How to Erase Your Data After Quitting Your Job
By Nick Anderson 5 minutes
Nothing lasts forever. To grow in your professional career, you may have to leave the job that you enjoy today. It’s not just the memories that you build during your time working at the job, your work devices pile up data that can be both professional and personal. Your workstation will be assigned to someone else once you officially resign from the position.
To ensure that your data does not get into someone’s hands, here are some tips on how to erase your data after quitting your job.
Your Devices Hold Important Information
The smartphone that you carry holds more information about you than any other device. It’s where you store texts, photos, videos, and browse work-related files on the go. Your work laptop is where you do all the heavy-duty tasks day in and day out. A Google account links many different services, such as YouTube, Gmail, Maps. And you may be signed in on various other platforms as well.
The point to draw here is that there’s more data on your devices than you realize. Your internet activity or social media accounts can be exposed to someone else if you do not take certain steps before marking the last day at the job.
How to Erase Data from Work Computer
Make a Backup
The first thing you need to do is make a backup of everything that belongs to you. Remember that data related to your work is the confidential property of the company. You cannot and should not backup such data.
We reckon it will only be a couple of gigs. In which case, cloud storage platforms like Google Drive or Dropbox will do the job.
Log out of all accounts
You are likely using a Google account to access services such as Gmail. It will remain logged-in in the browser until you sign out. As explained above briefly, a Google account gives you access to many other Google platforms. But it doesn’t only apply to Google and other cloud services; you may have signed in on platforms like Stackexchange, Github, Quora, Linkedin, Twitter, and more.
Note: Don’t delete browsing history if your browsing history, saved password, and such are saved on the browser’s account. Deleting any of the said data will remove it from the account itself. Sync your browser account, then log out of that account. This will instantly remove everything related to your account.
Delete your logins
If you use a separate browser account (or no account at all) specific to your current job, then simply synching and logging out of the account is not enough. Google Chrome, Mozilla Firefox, Opera, and Safari save logins in the browser for future access. Go to your browser’s settings and find the option for saved logins. Then, delete all of them.

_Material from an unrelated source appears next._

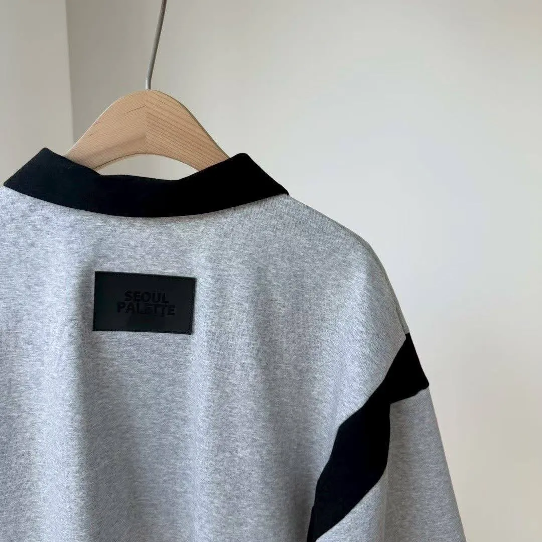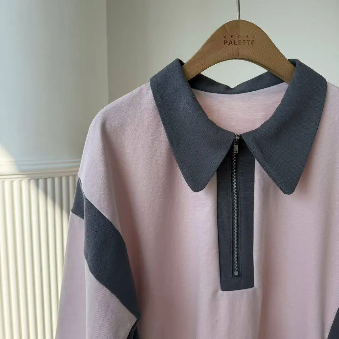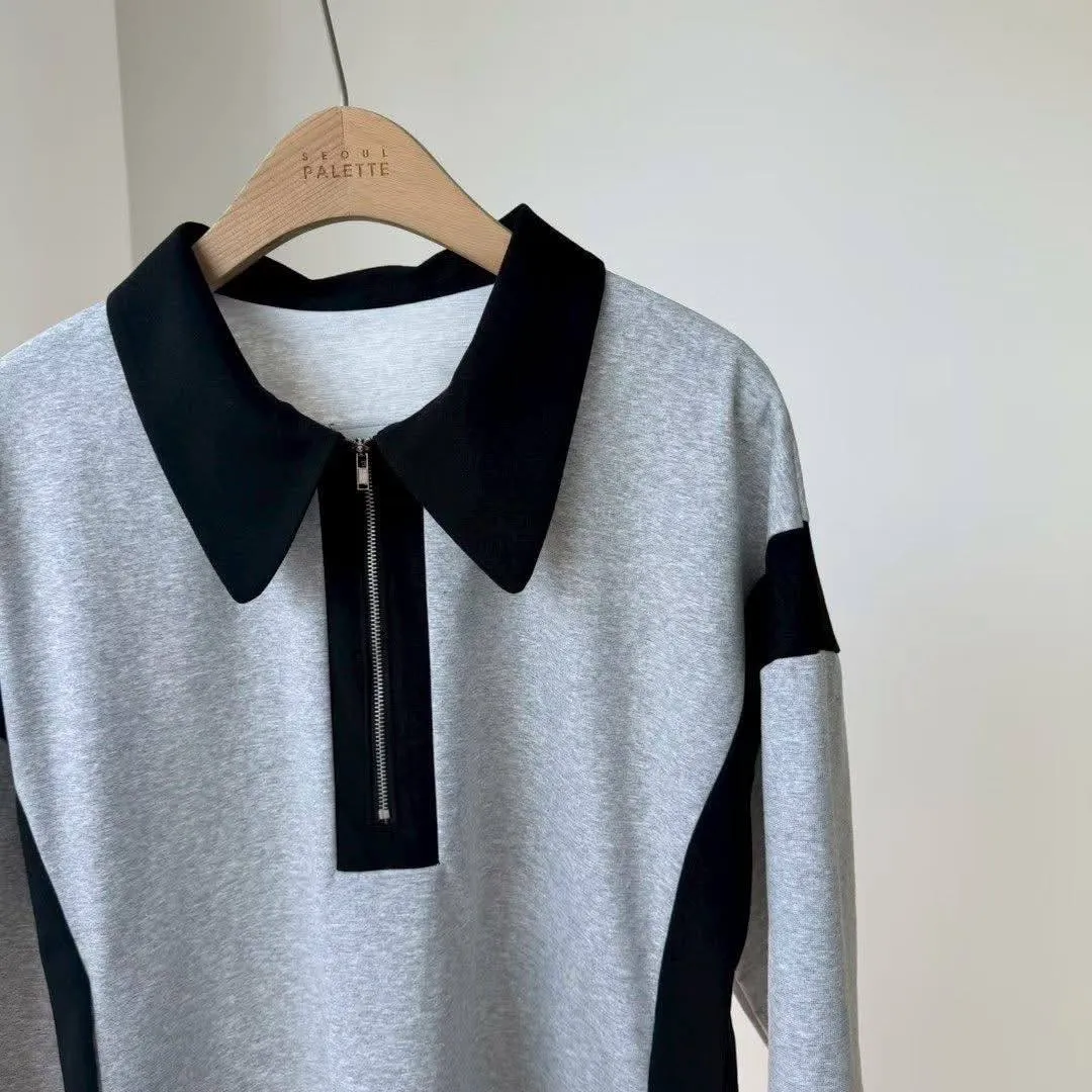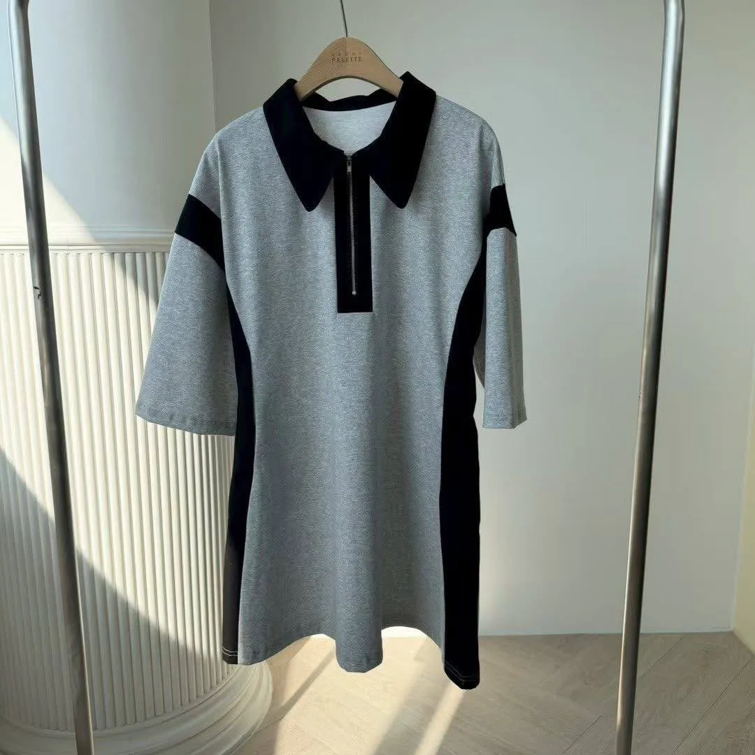 「甜酷撞色」拉鍊翻領運動風連身裙 (彈性棉質 / 雙色入)

It may escape your notice but instant access to the websites you use every day will require you to login on to another device. So, if you deleted an important login without noting it down first, you will need to reset the password. Before deleting any login, make sure that you have the login information saved elsewhere.
If you use a browser account to sync data and browsing history, it will be stored on the cloud. Hence, simply log out of the account and reset the browser.
Factory Reset Your Phone
If you use a phone granted by your company, do a factory reset before handing it over. It is not enough to just manually delete everything that’s in there. A factory reset is designed to wipe data and make data recovery impossible for the next person.
Most people simply erase data in the gallery app and consider everything gone. But as explained in the premise, your phone is more than just storage for photos and videos. Your iCloud or Google account is one example of what will still be active. A factory reset will ensure that everything added to the phone by you is permanently erased from the device.
Reset Your Computer
Once you have backed up everything important on the computer, it’s time to reset it. Here’s how to reset your Windows PC or Mac:
- Click on the Start button and go to Settings.
- Go to Update & Security.
- From the left menu, click on Recovery. Now, click on Reset this PC button.
- Select Remove everything. (This will ensure that all the programs and personal files are deleted)
- Launch iTunes.
- Go to Account > Authorizations > select Deauthorize This Computer.
- Shut down your computer.
- Now, when it’s completely shut down, press and hold the Command + R keys (Intel-based Mac) or hold the power button for a few seconds (Apple Silicon-based Mac), while it’s booting up.
- Enter the macOS Utilities menu. Then, click on Disk Utility.
- Select the main storage where macOS is installed. Then, click on Erase.
- Make sure the format is APFS. Now, confirm the erase. Wait for the process to finish.
- Go back to the macOS Utilities menu and select Reinstall macOS.
That’s it. Your Mac should now be wiped clean.
If you do not have the privileges to carry out a factory reset, have the IT department do it.